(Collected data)
Start of Block

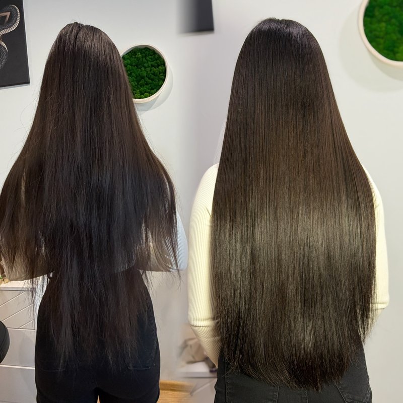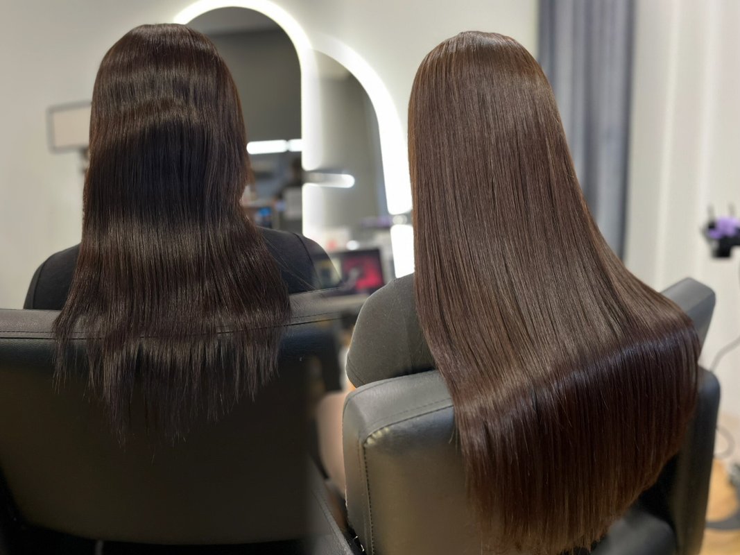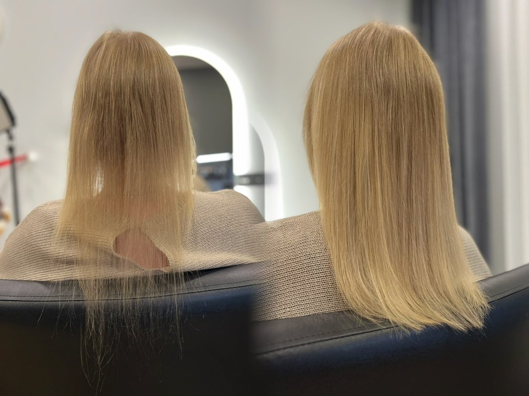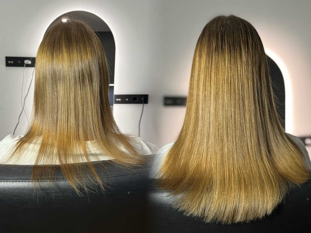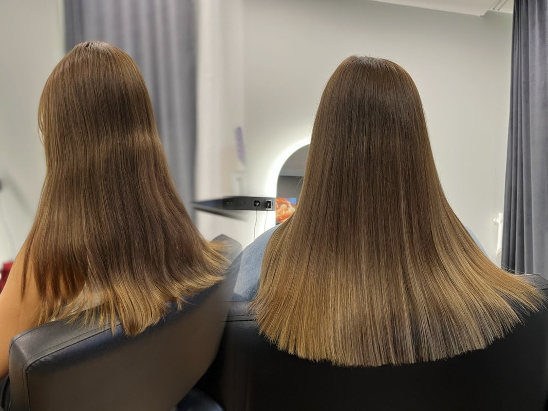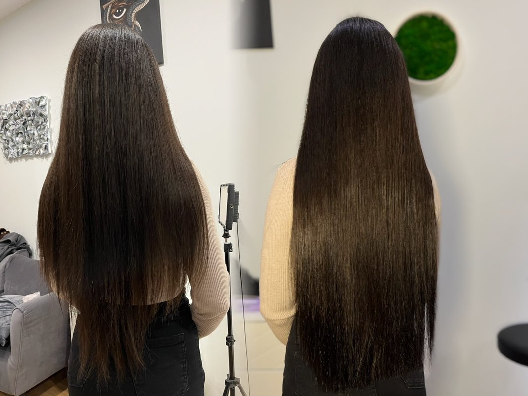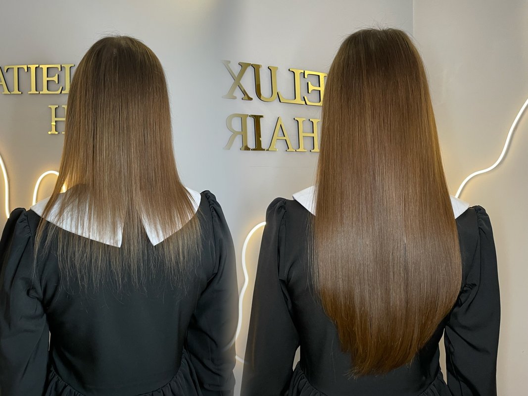 Специалисты выполнили перекапсулирование и коррекцию нарощенных волос работая вдвоем, что позволило завершить процедуру за один день вместо привычных двух. Работу сделали быстро, качественно и очень аккуратно. Особенно порадовала скорость выполнения услуги по сравнению с предыдущим опытом. Атмосфера была дружелюбной, девочки оказались веселыми и общительными, с ними приятно было поболтать во время процедуры, что для меня очень важно.
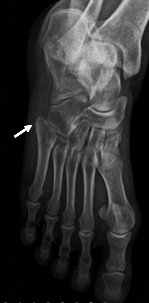 A 29-year-old man presented to the emergency department with pain in the 5th metatarsal following an ankle sprain.
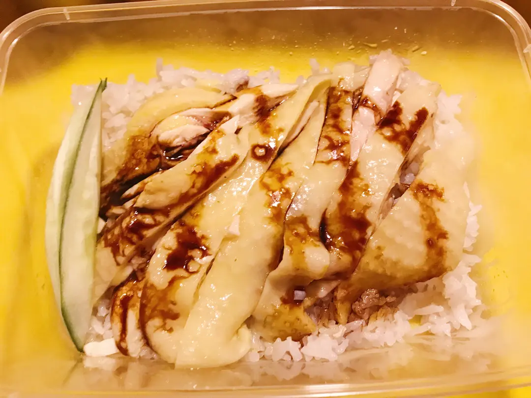 hainanese chicken rice with chicken leg
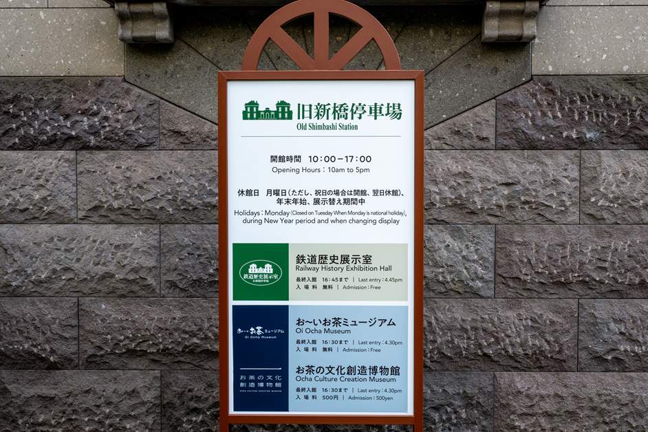 博物馆所在的旧新桥停车场建于2003年,重现了于明治初期在日本首次开业的新桥停车场的车站。步行 5 分钟以内可抵达新桥站和汐留站,除“茶的文化创造博物馆”和“Oi Ocha 博物馆”以外,还开设了由东日本铁道文化财团运营的“铁道历史展示室”。
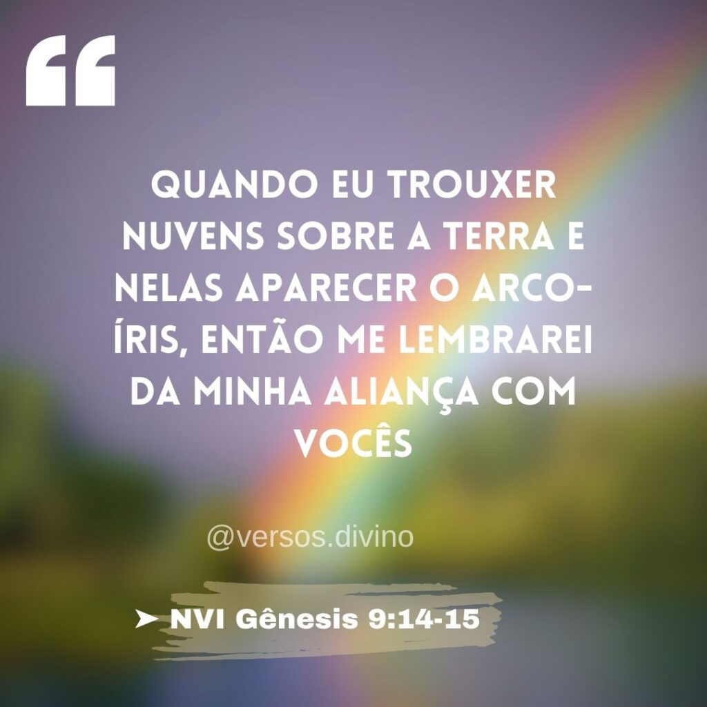 | Toda vez que o arco-íris estiver nas nuvens, olharei para ele e me lembrarei da aliança eterna entre Deus e todos os seres vivos de todas as espécies que vivem na terra”. ➤ NVI Gênesis 9:16 |
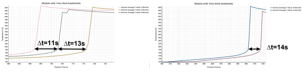 For a battery module with 1 mm heatshield thickness, 2 Critical areas can be identified where the time in between single cell propagations is too short.With a 3 mm heatshield thickness, 3 Critical areas exist with short propagation time deltas between cell pairs. Finally a module with 6 mm heatshield thickness is the safest design! A lot helps a lot! For the set up with 6 mm thick heatshields, there is only one critical area left for which the time difference between two cells is 7 seconds. The rest of the cells propagate with sufficient time in between, leading to the overall longest thermal runaway time, so that the design can be considered as safe!
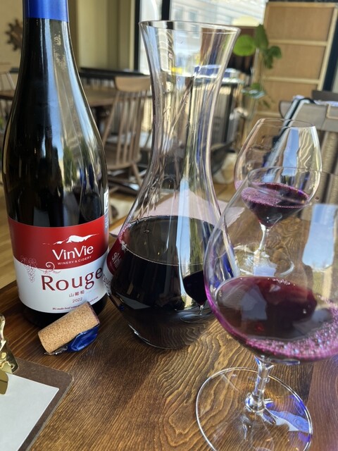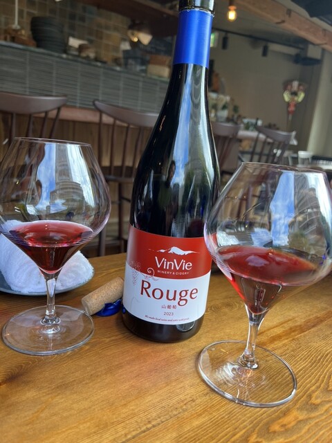 ・ワイン→グラスで赤・「テールドシェル・メルロー」とロゼ「2024年東御ワインフェスタ オリジナルワイン」を2杯づつ、ボトルで「夜明けのAube」ペティアン・シャルドネ、ピノ」をいただいた。無論どれも美味しく上質な料理と良く合った。同じ長野県にこだわって作られた料理とワインが合わない訳が無い。
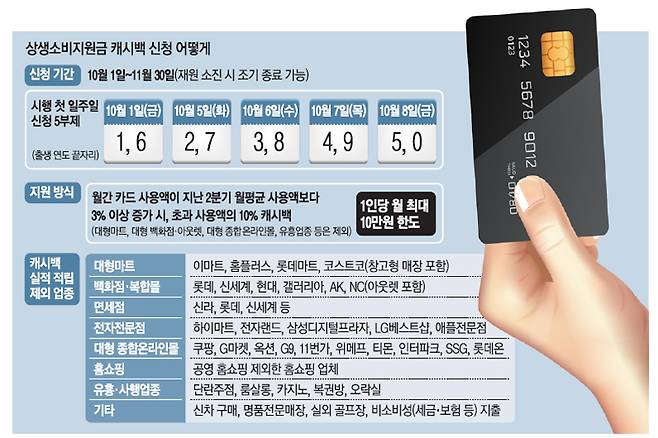 정부는 신청 시기에 관계없이 신청만 하면 10월 1일 소비분부터 계산해 2개월간의 환급금을 지급한다는 방침이다. 다만, 7000억원으로 제한된 재원이 조기 소진되면 캐시백을 받지 못할 가능성도 있기 때문에 10~11월 지출 증가가 예상되는 사람이라면 가급적 빨리 신청하는 것이 좋다.
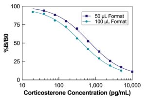 Users can opt for 50 μL of input for an expected sensitivity of 26.2 pg/mL or 100 μL for 17.9 pg/mL. Detailed instructions are available in the kit insert, which should be read thoroughly before running the assay. The kit includes a corticosterone standard to create a precise standard curve.
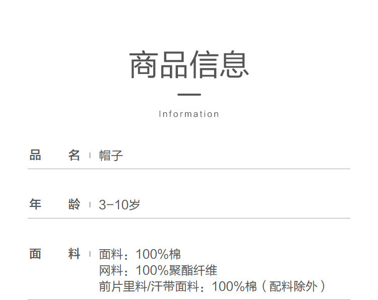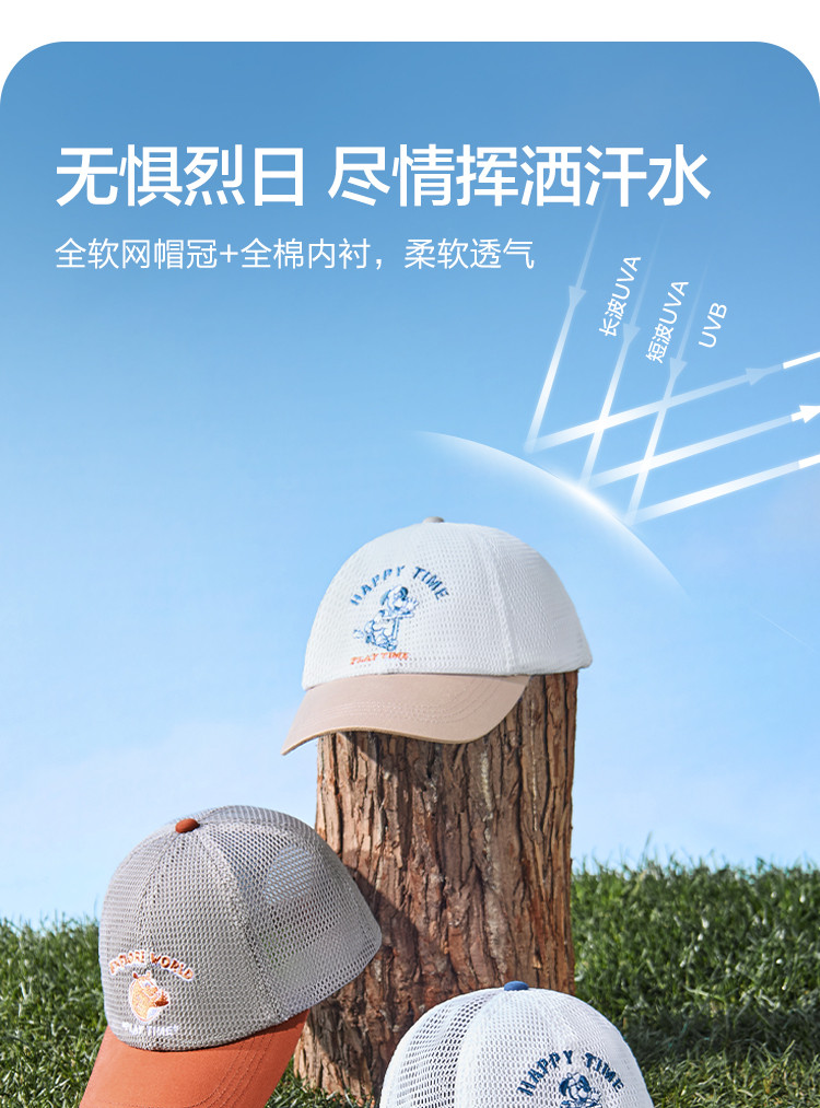 商品名称:儿童棒球帽夏季新款男童女童帽子学生外出防晒帽遮阳帽网眼透气 017093
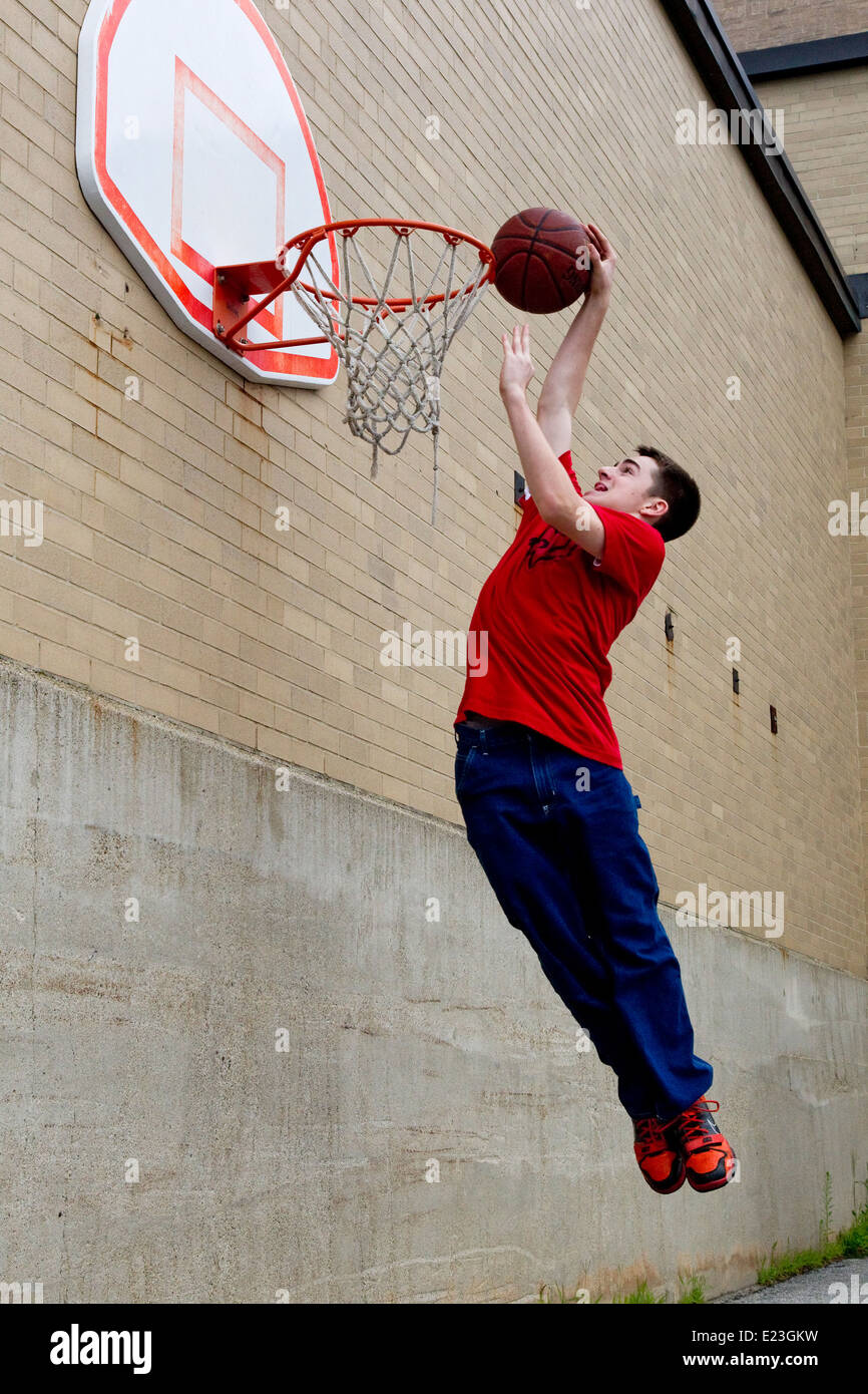 Boy dunking basketball in hoop Stock white boy dunking

End of Block

Every entry above should be given again exactly, with no images included.

» **Output of the task**:
 Специалисты выполнили перекапсулирование и коррекцию нарощенных волос работая вдвоем, что позволило завершить процедуру за один день вместо привычных двух. Работу сделали быстро, качественно и очень аккуратно. Особенно порадовала скорость выполнения услуги по сравнению с предыдущим опытом. Атмосфера была дружелюбной, девочки оказались веселыми и общительными, с ними приятно было поболтать во время процедуры, что для меня очень важно.
 A 29-year-old man presented to the emergency department with pain in the 5th metatarsal following an ankle sprain.
 hainanese chicken rice with chicken leg
 博物馆所在的旧新桥停车场建于2003年,重现了于明治初期在日本首次开业的新桥停车场的车站。步行 5 分钟以内可抵达新桥站和汐留站,除“茶的文化创造博物馆”和“Oi Ocha 博物馆”以外,还开设了由东日本铁道文化财团运营的“铁道历史展示室”。
 | Toda vez que o arco-íris estiver nas nuvens, olharei para ele e me lembrarei da aliança eterna entre Deus e todos os seres vivos de todas as espécies que vivem na terra”. ➤ NVI Gênesis 9:16 |
 For a battery module with 1 mm heatshield thickness, 2 Critical areas can be identified where the time in between single cell propagations is too short.With a 3 mm heatshield thickness, 3 Critical areas exist with short propagation time deltas between cell pairs. Finally a module with 6 mm heatshield thickness is the safest design! A lot helps a lot! For the set up with 6 mm thick heatshields, there is only one critical area left for which the time difference between two cells is 7 seconds. The rest of the cells propagate with sufficient time in between, leading to the overall longest thermal runaway time, so that the design can be considered as safe!
 ・ワイン→グラスで赤・「テールドシェル・メルロー」とロゼ「2024年東御ワインフェスタ オリジナルワイン」を2杯づつ、ボトルで「夜明けのAube」ペティアン・シャルドネ、ピノ」をいただいた。無論どれも美味しく上質な料理と良く合った。同じ長野県にこだわって作られた料理とワインが合わない訳が無い。
 정부는 신청 시기에 관계없이 신청만 하면 10월 1일 소비분부터 계산해 2개월간의 환급금을 지급한다는 방침이다. 다만, 7000억원으로 제한된 재원이 조기 소진되면 캐시백을 받지 못할 가능성도 있기 때문에 10~11월 지출 증가가 예상되는 사람이라면 가급적 빨리 신청하는 것이 좋다.
 Users can opt for 50 μL of input for an expected sensitivity of 26.2 pg/mL or 100 μL for 17.9 pg/mL. Detailed instructions are available in the kit insert, which should be read thoroughly before running the assay. The kit includes a corticosterone standard to create a precise standard curve.
 商品名称:儿童棒球帽夏季新款男童女童帽子学生外出防晒帽遮阳帽网眼透气 017093
 Boy dunking basketball in hoop Stock white boy dunking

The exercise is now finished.